Give back each line of the data exactly as it reads, minus the pictures.

● **Input data**
·····
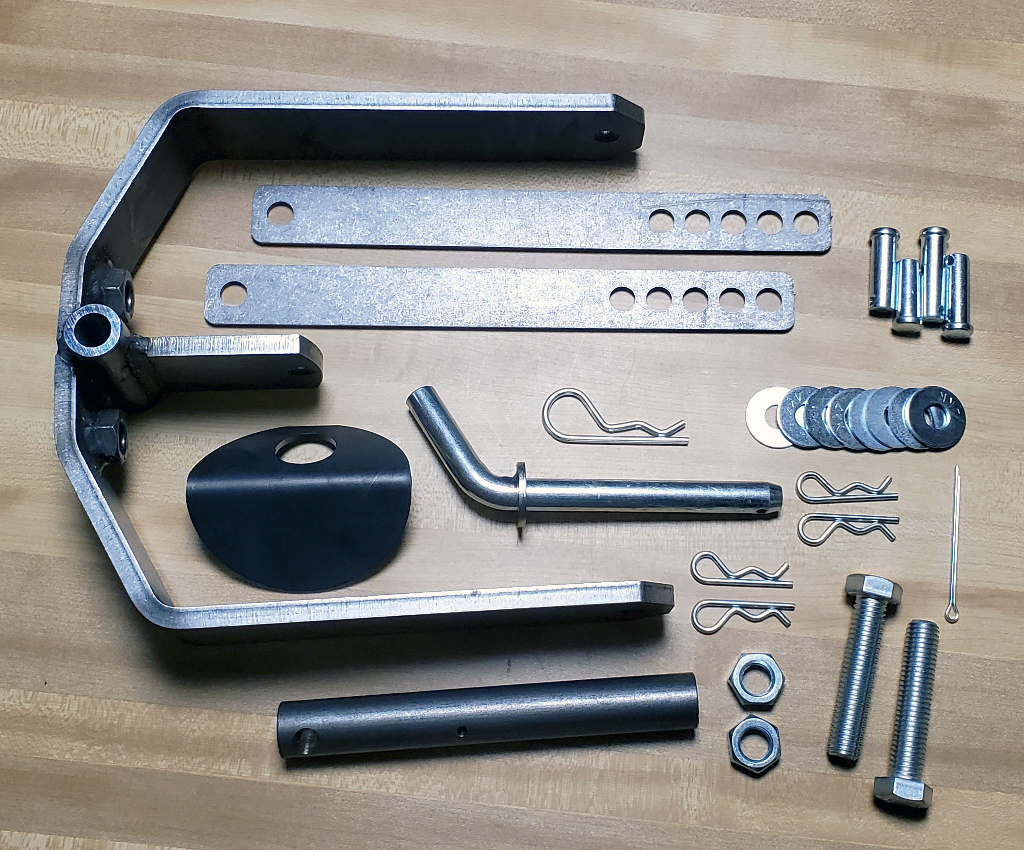 Extended Length Sleeve Hitch Kit. This kit is 3" longer than the regular kit and works great for tractors that want to leave their tiller gear boxes on. Also contains the 3" longer lift pin. This kit comes with either Floating Straps, Static Straps or our Multi-Config Straps. Complete. UNPAINTED
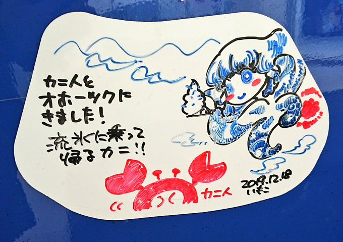 シモベニンゲンを使ってメッセージボードにクリオネ人魚ちゃんのスケッチを残したカニ。流氷に乗るつもりだったカニが、まだオホーツク海に流氷来てなかったカニ。また来るカニ。
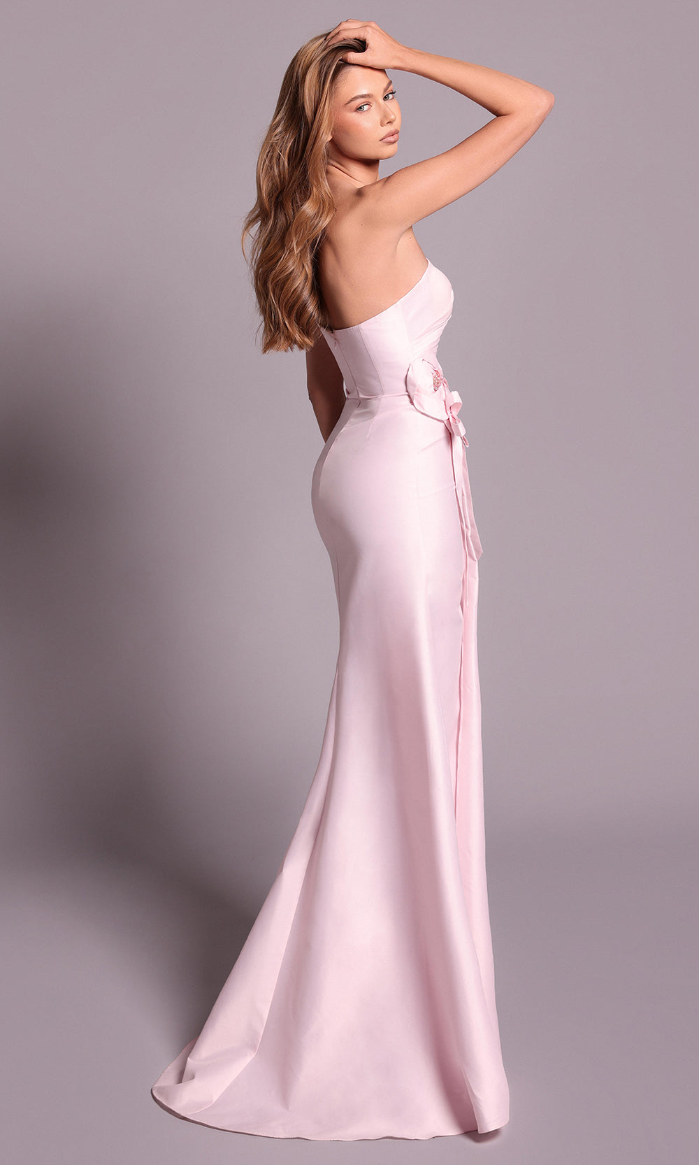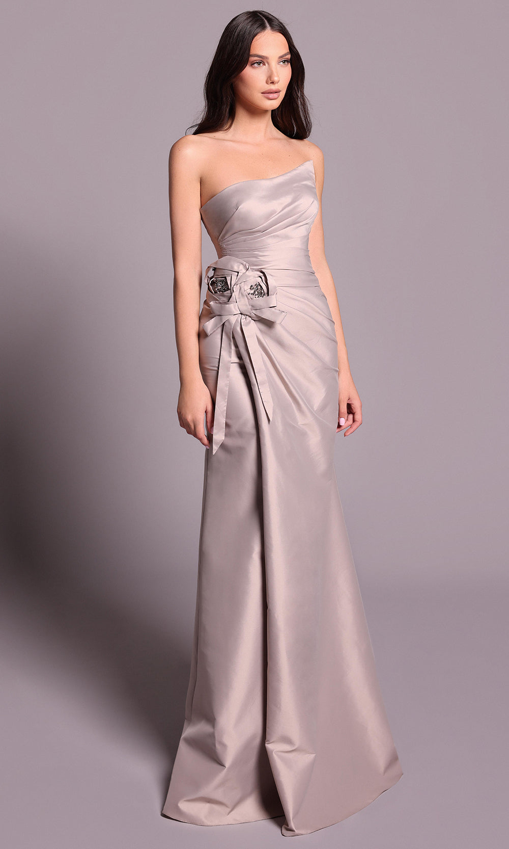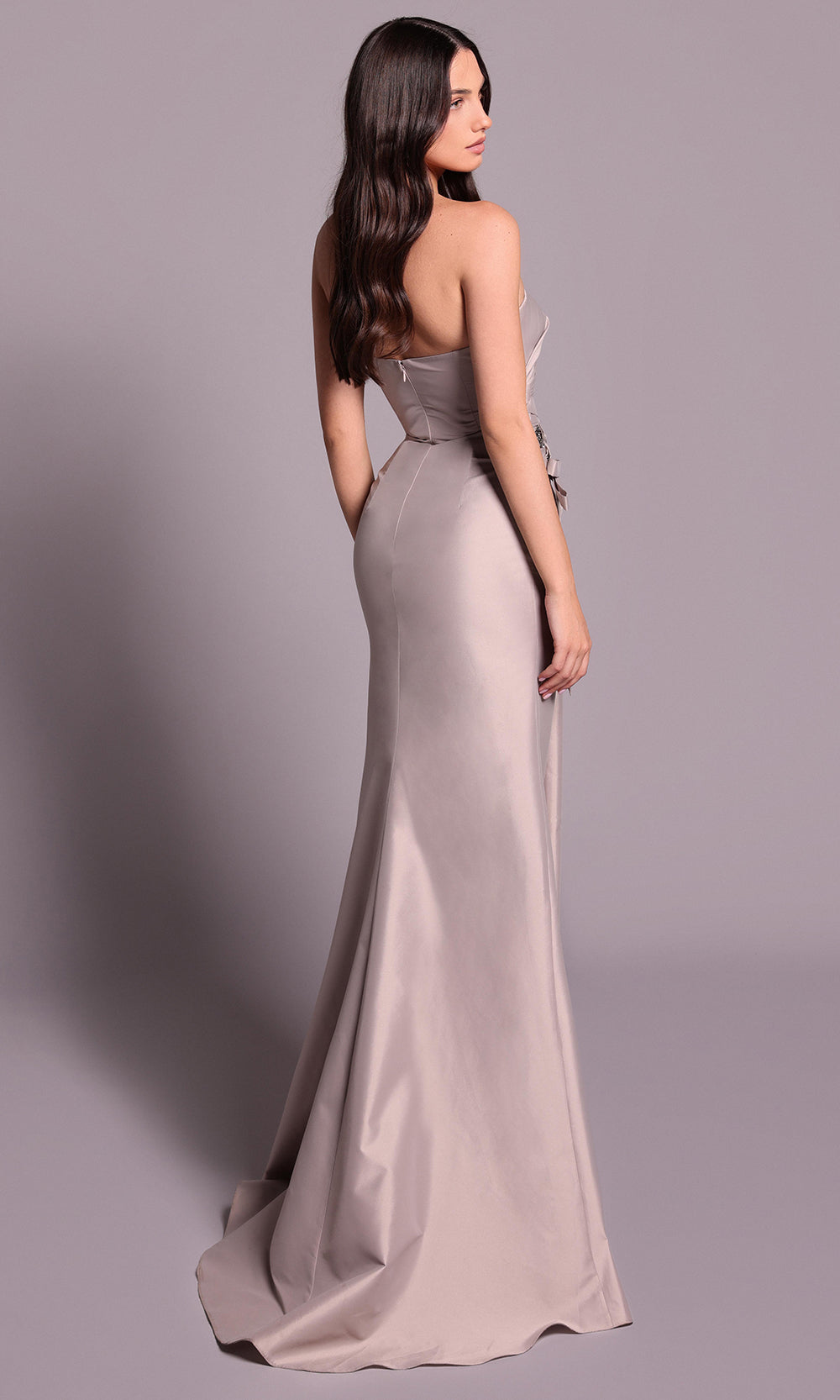 Achieve an effortlessly stunning look wearing the Tarik Ediz 99126 sheath dress. The fitted ruched bodice gently wraps the figure, while a floral accent at the waist adds a sculptural element that feels artful without overwhelming the design. Defined by a strapless design, asymmetric neckline, and daring open back, it showcases modern allure. Tarik Ediz 99126 transforms classic evening style into something fresh and captivating through its unexpected draping and modern floral highlight. Models are wearing Mink, and Ice Pink colors.
·····
● **The completed task**
 Extended Length Sleeve Hitch Kit. This kit is 3" longer than the regular kit and works great for tractors that want to leave their tiller gear boxes on. Also contains the 3" longer lift pin. This kit comes with either Floating Straps, Static Straps or our Multi-Config Straps. Complete. UNPAINTED
 シモベニンゲンを使ってメッセージボードにクリオネ人魚ちゃんのスケッチを残したカニ。流氷に乗るつもりだったカニが、まだオホーツク海に流氷来てなかったカニ。また来るカニ。
 Achieve an effortlessly stunning look wearing the Tarik Ediz 99126 sheath dress. The fitted ruched bodice gently wraps the figure, while a floral accent at the waist adds a sculptural element that feels artful without overwhelming the design. Defined by a strapless design, asymmetric neckline, and daring open back, it showcases modern allure. Tarik Ediz 99126 transforms classic evening style into something fresh and captivating through its unexpected draping and modern floral highlight. Models are wearing Mink, and Ice Pink colors.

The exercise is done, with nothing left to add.